John D'Errico on 1 Jul 2021
Edited: John D'Errico on 1 Jul 2021
Um, the solution is not to find Q. Because it is difficult to constrain a matrix to be positive definite. You don't want to try to do that using lsqnonlin (regardless of what they say.)
Instead, you want to find a triangular matrix, I'll call it R, such that R is UPPER triangular. Then compute Q from R.
Q = R' * R
That is, irregardless what the matrix R is, The product, R' * R will ALWAYS be at least positive semi-definite. The semi-definite case comes from when R is itself singular, and you can even prevent that from happening, if you are careful.
So, for example, pick ANY matrix R.
format long g
R = triu(randn(3))
R = 3×3
-1.73472568671219 0.133100695588286 0.421640106149951 0 2.10509564761744 -0.485099810835556 0 0 -1.18054675031493
Is Q positive semi-definite?
Q = R'*R
Q = 3×3
3.00927320813907 -0.230893195556259 -0.731429922686373 -0.230893195556259 4.449143480784 -0.965060909033498 -0.731429922686373 -0.965060909033498 1.80679283526597
It is by construction symmetric.
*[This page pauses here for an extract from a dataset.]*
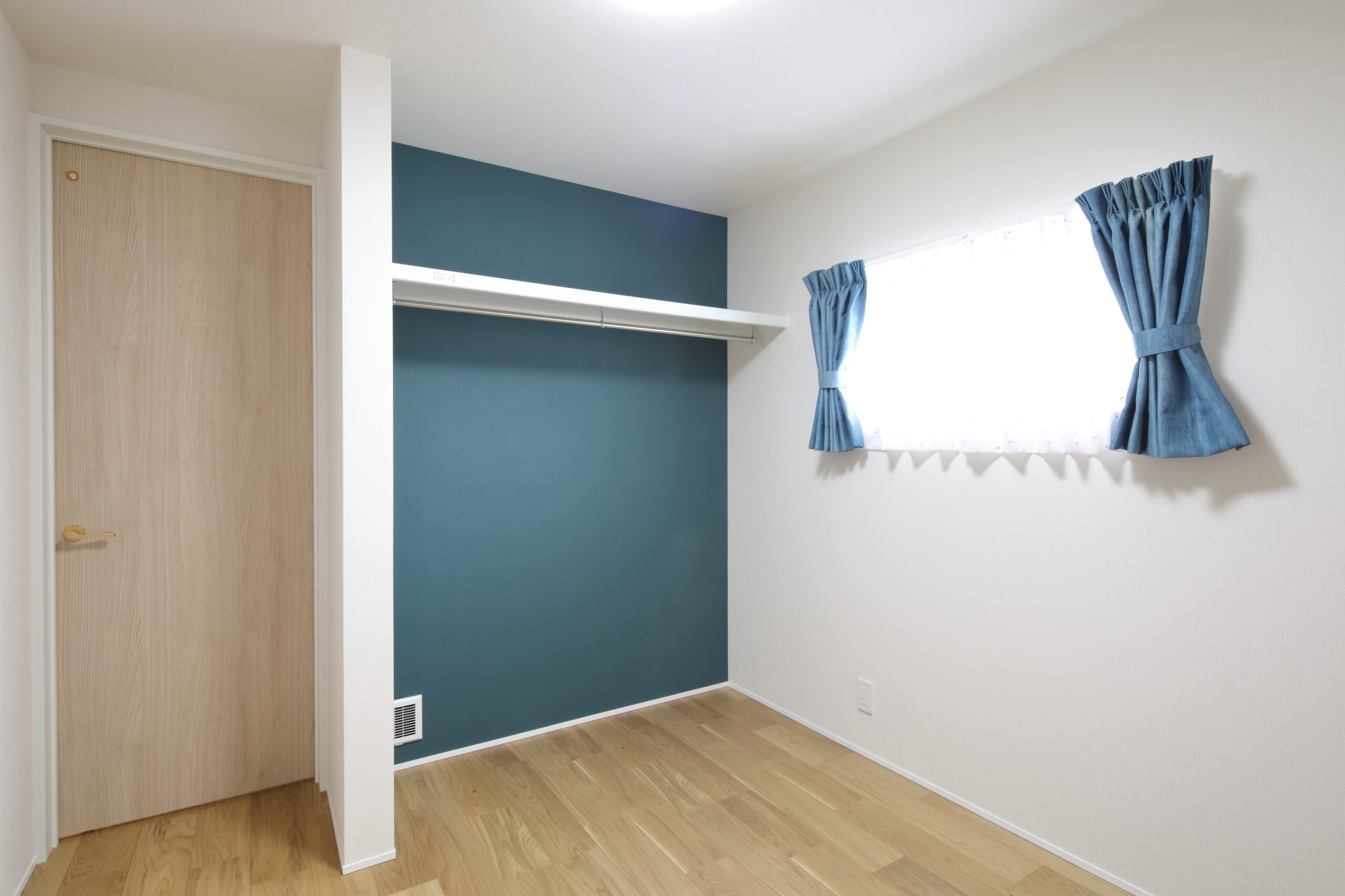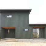 深みのあるモスグリーンのガルバリウム外壁に、木目の軒天がアクセントを添えるモダンな佇まい。 このお住まいの最大の特徴は、**「1階に主寝室を配置した間取り」**です 。 夫婦の生活スペースをすべて1階に集約することで、将来は階段の上り下りがない「平屋のような暮らし」が可能になります。

The eigenvalues are...
eig(Q)
ans = 3×1
1.17173143780017 3.32936783906208 4.76411024732678
SURPRISE! It works! Actually, the classic test in MATLAB to see if a matrix is SPD, is to apply chol to it. In fact, what we did was we created Q from the cholesky factorization. So chol should simply recover R. Did it?
chol(Q)
ans = 3×3
1.73472568671219 -0.133100695588286 -0.421640106149951 0 2.10509564761744 -0.485099810835556 0 0 1.18054675031493
Well, it did, but for the signs on some of those elements. That is arbitrary. This is like a sqrt, the sign is indeterminate.
The point is, you need to search for only a upper triangular matrix R that does what you need. You could also solve this for a LOWER triangular matrix. But then, I suppose you need to call it L. :) Inside the objective function, form Q from R. This will be sufficient to span the set of positive definite matrices that you will need to search over. And best of all, this will be eminently solvable using lsqnonlin. You will search over UPPER triangular matrices R. So instead of 9 elements, you need only search over 6 unknowns.
When will there be a problem, and Q is only semi-definite? Again, that happens only when one of the diagonal elements of R is sufficiently small in magnitude compared to the other diagonal elements. You will need to watch for that, if you care that Q must always be strictly positive definite. The case where Q becomes singular from this is equivalent to an ellipsoid that contains zero volume. So effectively, you have an ellipsoid that has compressed into a plane, or worse, into a stright line. Those are the degenerate cases. But your data should make it painfully obvious when that would happen.